[Source records]

--- START ---

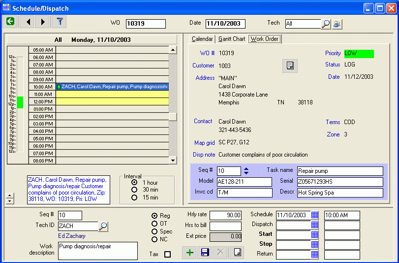 - Scheduling calendar comments. Freeform comments entries by tech and by day.
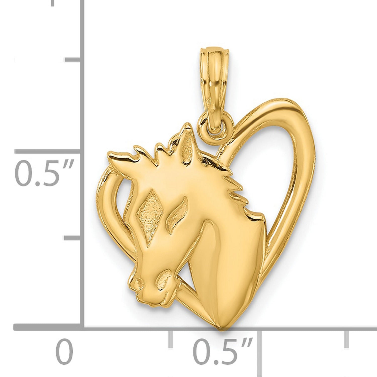 14k Yellow Gold Horse Head Pendant with Open Heart Design for Women
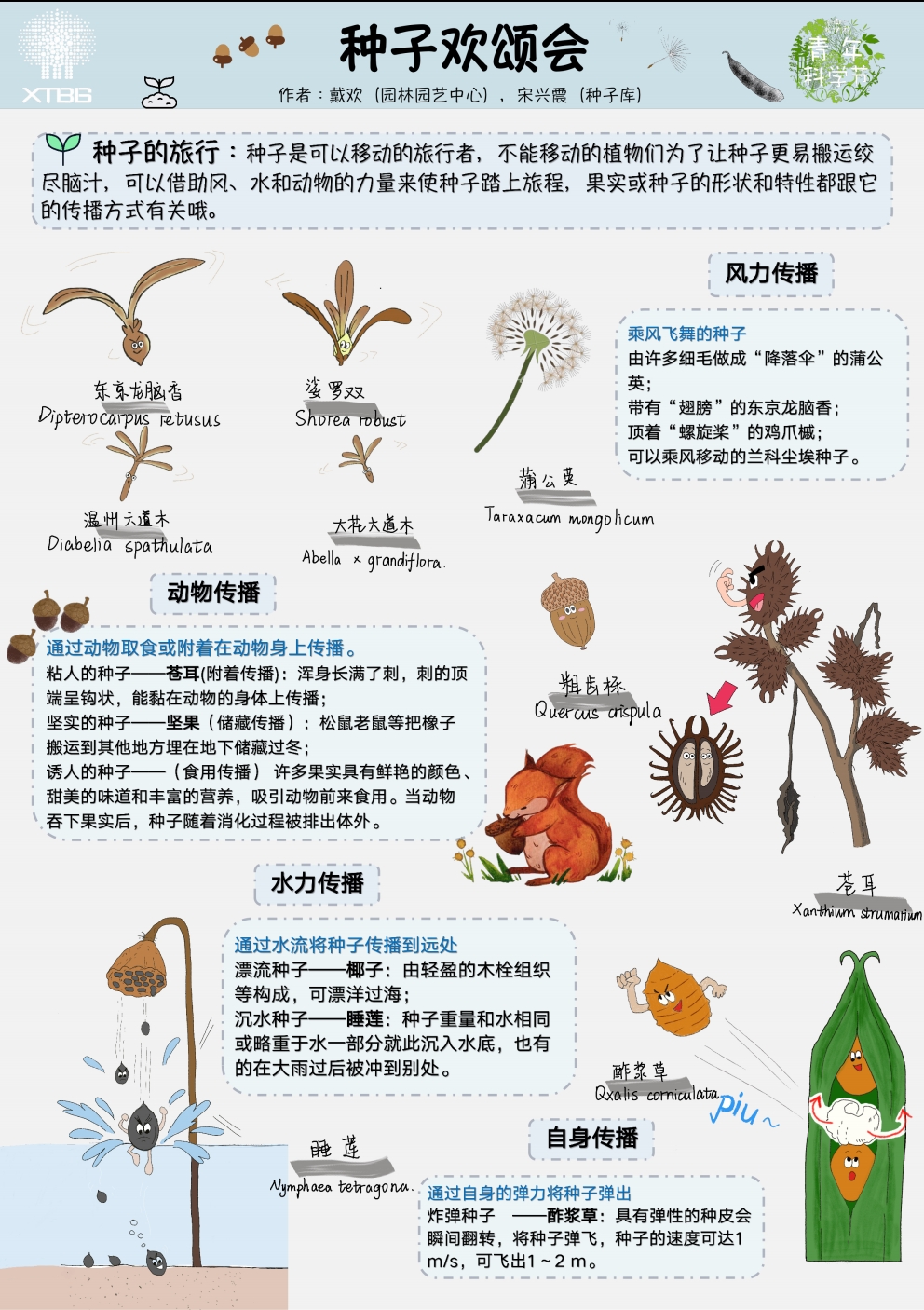 种子的旅行:种子是可以移动的旅行者,不能移动的植物们为了让种子更易搬运绞尽脑汁,可以借助风、水和动物的力量来使种子踏上旅程,果实或种子的形状、特性都跟它的传播方式有关哦。
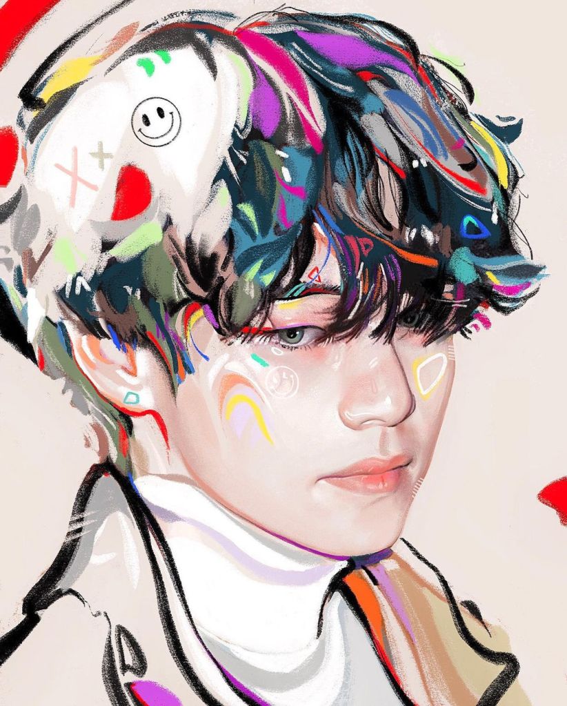 BTS V is a living breathing work of art, his visuals are the study subject of artists, idols and probably everyone that sees him. He has inspired many artists that love his very structural and unique facial features that ooze a lot of refined beauty. Painter Kildren recreated BTS V’s Famous Tweet “ARMY painted me” tweet that he had shared on their Twitter account.
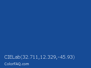 CIELab 32.711,12.329,-45.93 Color is a normal blue color and the nearest color is Yale Blue #0f4d92. Hex code #164b96 and RGB value is rgb(22,75,150). In RGB color space, this color is composed of 9% red, 29% green, 59% blue, In CMYK color space, this color is composed of 85% cyan, 50% magenta, 0% yellow , 41% black , In HSL color space, this color has a hue angle of 215° , 74% saturation and 34% lightness.
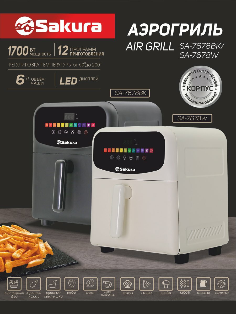 SAKURA 4657798312561 SAKURA SA-7678BK аэрогриль Аэрогриль интересное:
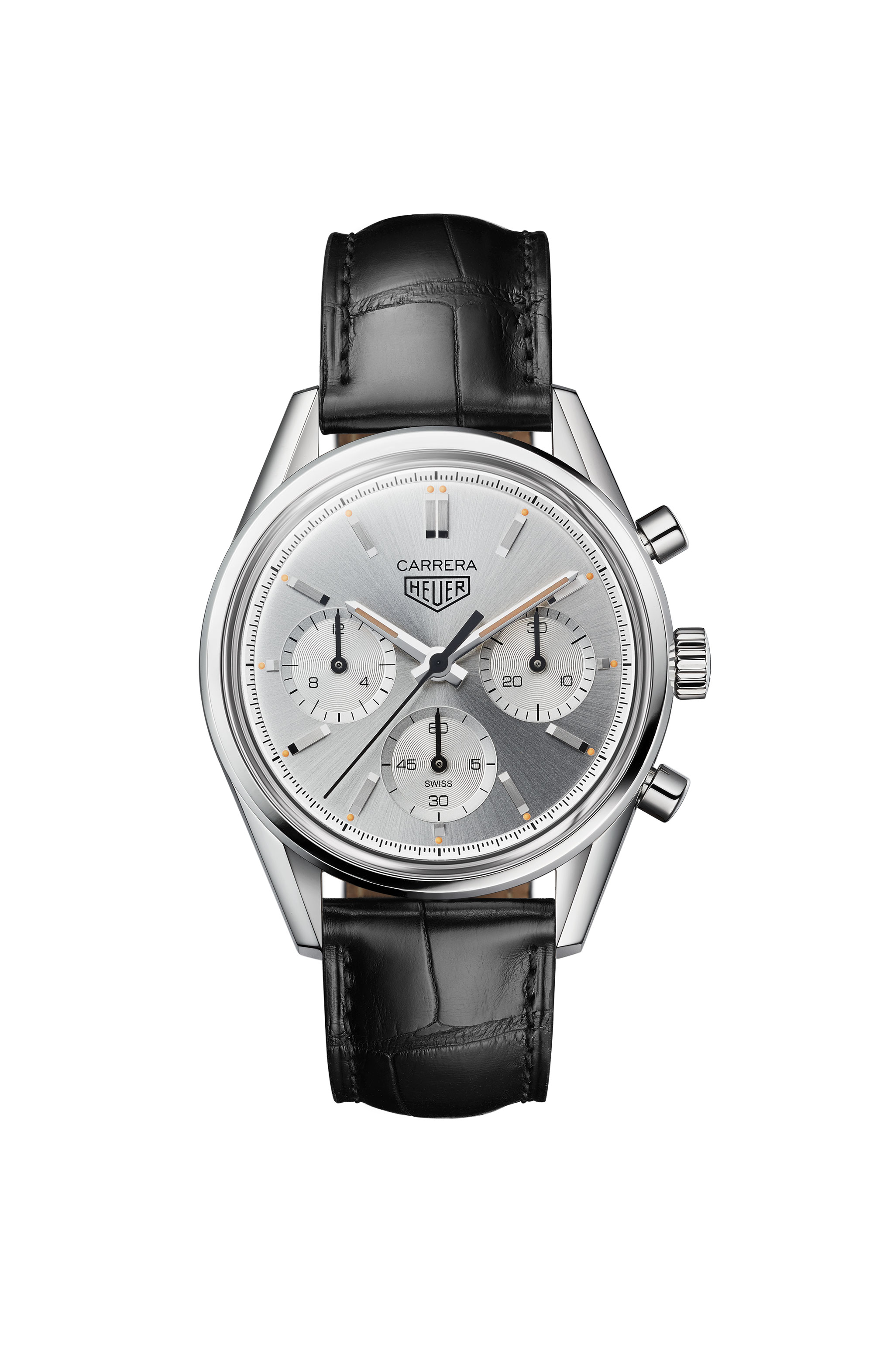 这款全新的精钢计时码表承袭了初代产品的诸多设计亮点,例如隽永典雅的表盘、抛光表壳和按钮。但腕表的形状和之前略有不同,尺寸也从最初的36毫米变为如今的39毫米。由于1963年Valjoux72机芯和现在的Heuer02机芯结构不同,运行秒钟指示器现位于6点钟位置,而不再是9点钟。与原始表款相比,另一个变化在于中央时针和分针的形状。如今它们采用刻面设计,并涂有米色SuperLuminova ®荧光涂料。腕表搭载弧形蓝宝石表镜,表盘上印有高辨识度的Carrera字样和HEUER盾牌标识。这一复古外观让人联想起原版豪雅卡莱拉系列腕表。
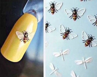 3D Acrylic Engraved Natural bee Nail Sticker Nail Water Decals Fashion Empaistic Nail Water Slide
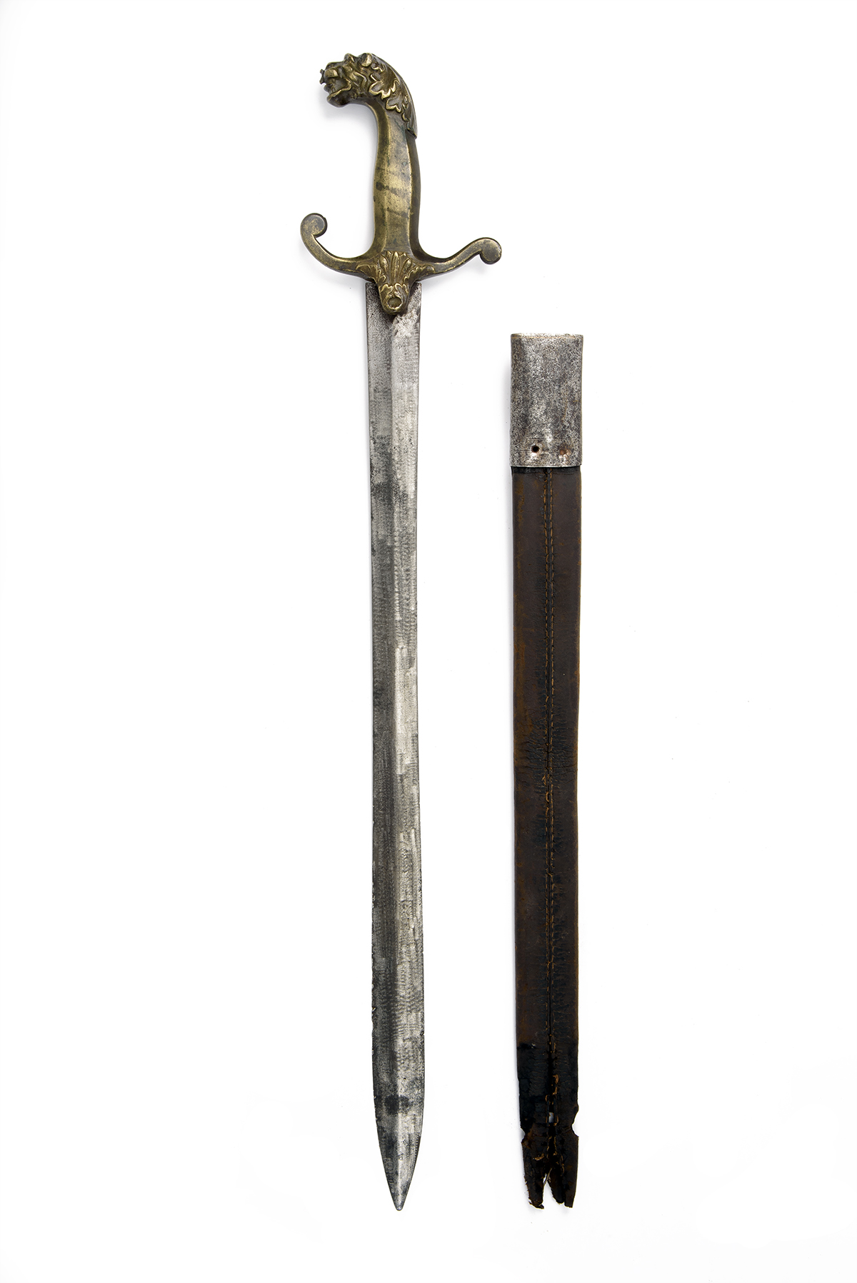 circa 1820, with plain, double-edged 21 in. blade, brass hilt with raised cross-guard and lion's head pommel, together with an associated scabbard with steel locket, blade stained with edge nicks and surface rust to ricasso, lion's mouth loop broken and chain missing, scabbard unlikely to be original, with rusted locket and missing the lower 3 inches, 26 in. overall
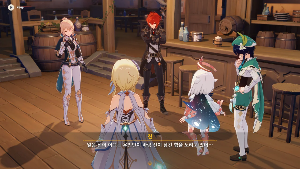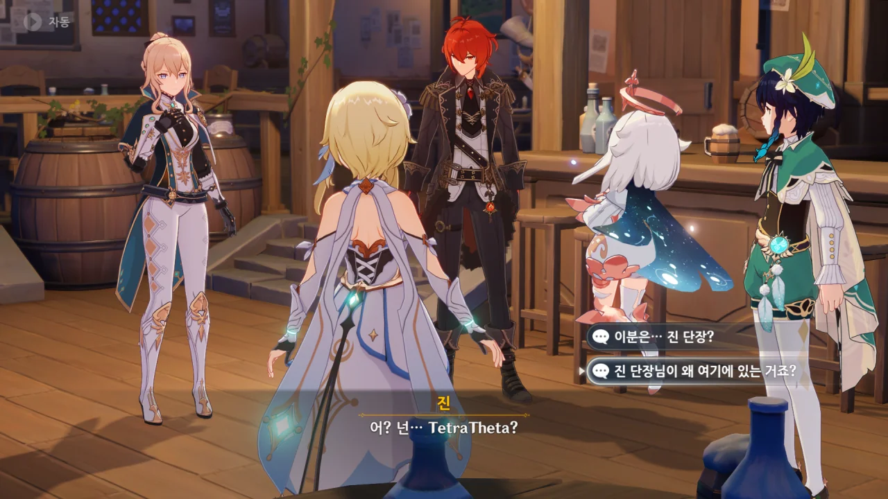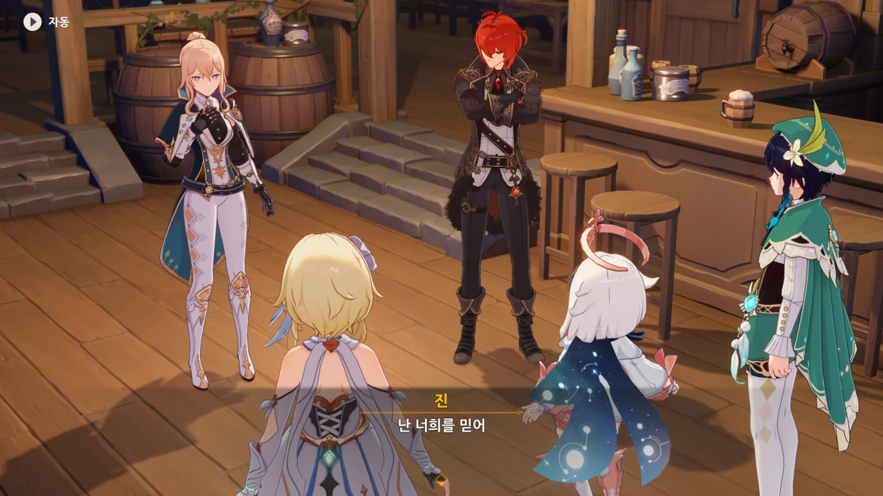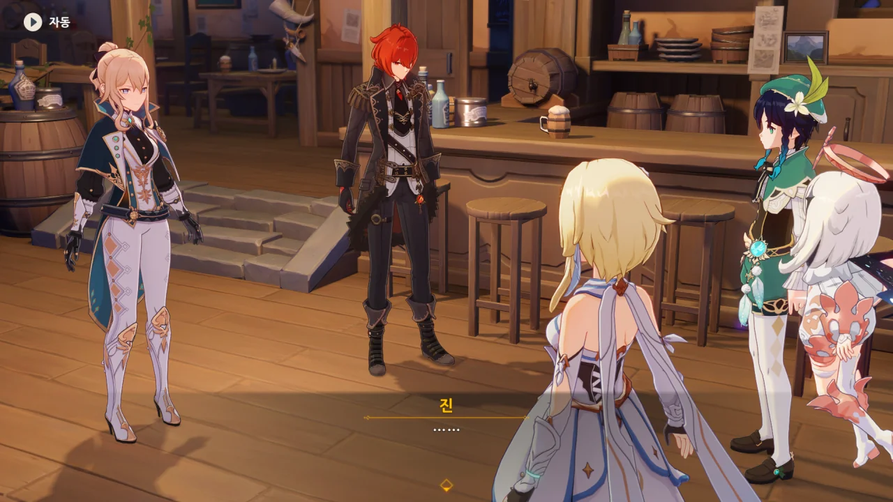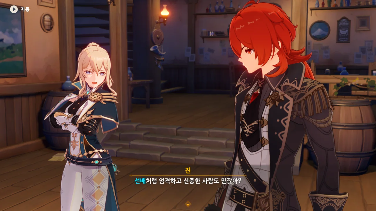 진이 여행자와 벤티의 말을 단번에 믿어버리자, 말하다 말고 "… 응?"이라고 되묻는다.
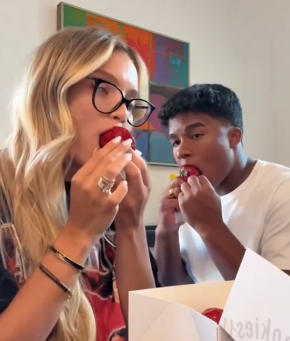 Gabriely Miranda, de 22 anos, esposa de Endrick, de 19 anos, atacante do Real Madrid, compartilhou um vídeo em suas redes sociais mostrando a reação do jogador ao experimentar o “morango do amor”, o doce que virou febre na internet.
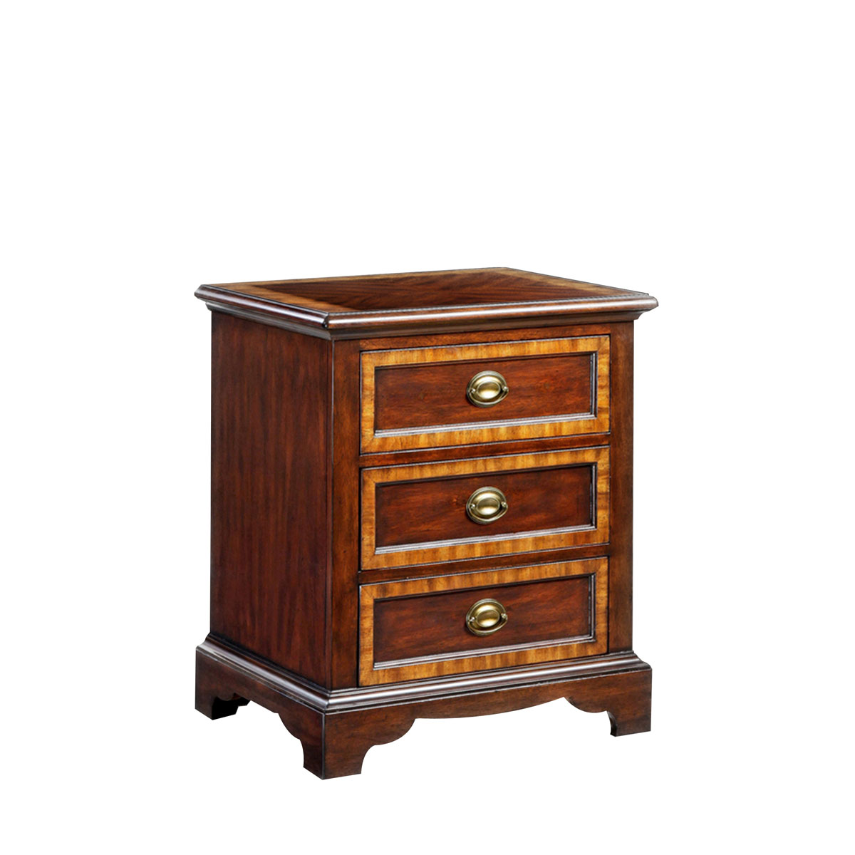 * 以18世纪英吉利 ——“日不落帝国”为设计主题,把东西方的多种艺术元素结合在一起。如精致的木皮贴面展现了高档木材的天然纹理,带出独特的立体感,厚实稳重的造型饰以仿古的涂装,展现出经久不衰的迷人魅力;配上古铜色的椭圆形拉手,是经典系列英吉利经典英式床头柜的特色。

--- END ---

## YOUR TASK
Nothing outside the stretch above, from the line with "这款全新的精钢计时码表承袭了" through the line with "3D Acrylic Engraved", is set down. Transcribe that stretch exactly, ends included, but not its pictures.

## SOLUTION BELOW
 这款全新的精钢计时码表承袭了初代产品的诸多设计亮点,例如隽永典雅的表盘、抛光表壳和按钮。但腕表的形状和之前略有不同,尺寸也从最初的36毫米变为如今的39毫米。由于1963年Valjoux72机芯和现在的Heuer02机芯结构不同,运行秒钟指示器现位于6点钟位置,而不再是9点钟。与原始表款相比,另一个变化在于中央时针和分针的形状。如今它们采用刻面设计,并涂有米色SuperLuminova ®荧光涂料。腕表搭载弧形蓝宝石表镜,表盘上印有高辨识度的Carrera字样和HEUER盾牌标识。这一复古外观让人联想起原版豪雅卡莱拉系列腕表。
 3D Acrylic Engraved Natural bee Nail Sticker Nail Water Decals Fashion Empaistic Nail Water Slide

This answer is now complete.